Start of THE DATA
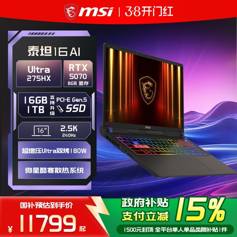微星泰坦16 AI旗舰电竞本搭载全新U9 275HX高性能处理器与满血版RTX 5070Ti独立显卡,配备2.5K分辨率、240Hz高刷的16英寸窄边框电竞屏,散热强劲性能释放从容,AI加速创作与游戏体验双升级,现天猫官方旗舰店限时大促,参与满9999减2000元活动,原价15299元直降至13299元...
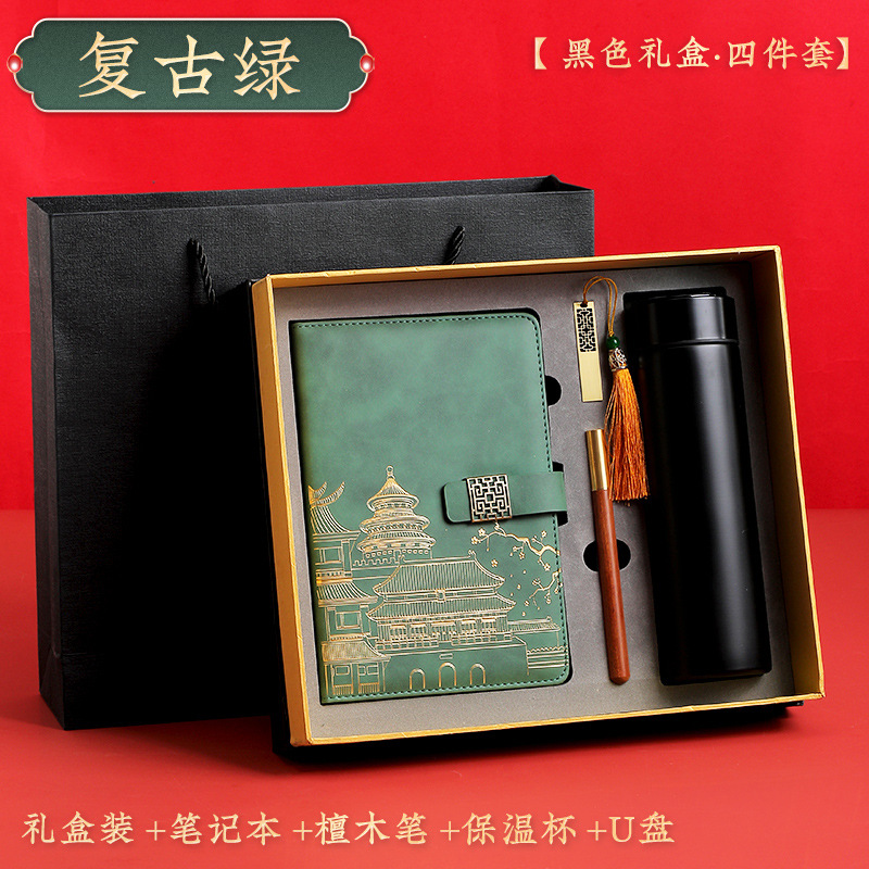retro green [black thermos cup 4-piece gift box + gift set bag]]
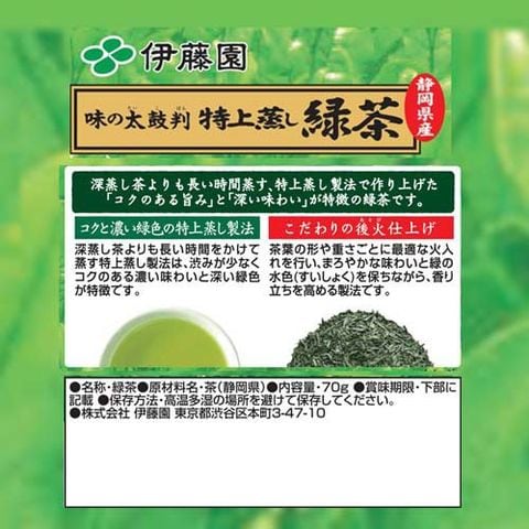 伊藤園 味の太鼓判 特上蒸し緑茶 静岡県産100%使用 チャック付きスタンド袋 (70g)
End of THE DATA
■ TASK DETAILS
Omit the pictures and repeat the rest of the listing verbatim.

■ RESPONSE AREA
微星泰坦16 AI旗舰电竞本搭载全新U9 275HX高性能处理器与满血版RTX 5070Ti独立显卡,配备2.5K分辨率、240Hz高刷的16英寸窄边框电竞屏,散热强劲性能释放从容,AI加速创作与游戏体验双升级,现天猫官方旗舰店限时大促,参与满9999减2000元活动,原价15299元直降至13299元...
retro green [black thermos cup 4-piece gift box + gift set bag]]
 伊藤園 味の太鼓判 特上蒸し緑茶 静岡県産100%使用 チャック付きスタンド袋 (70g)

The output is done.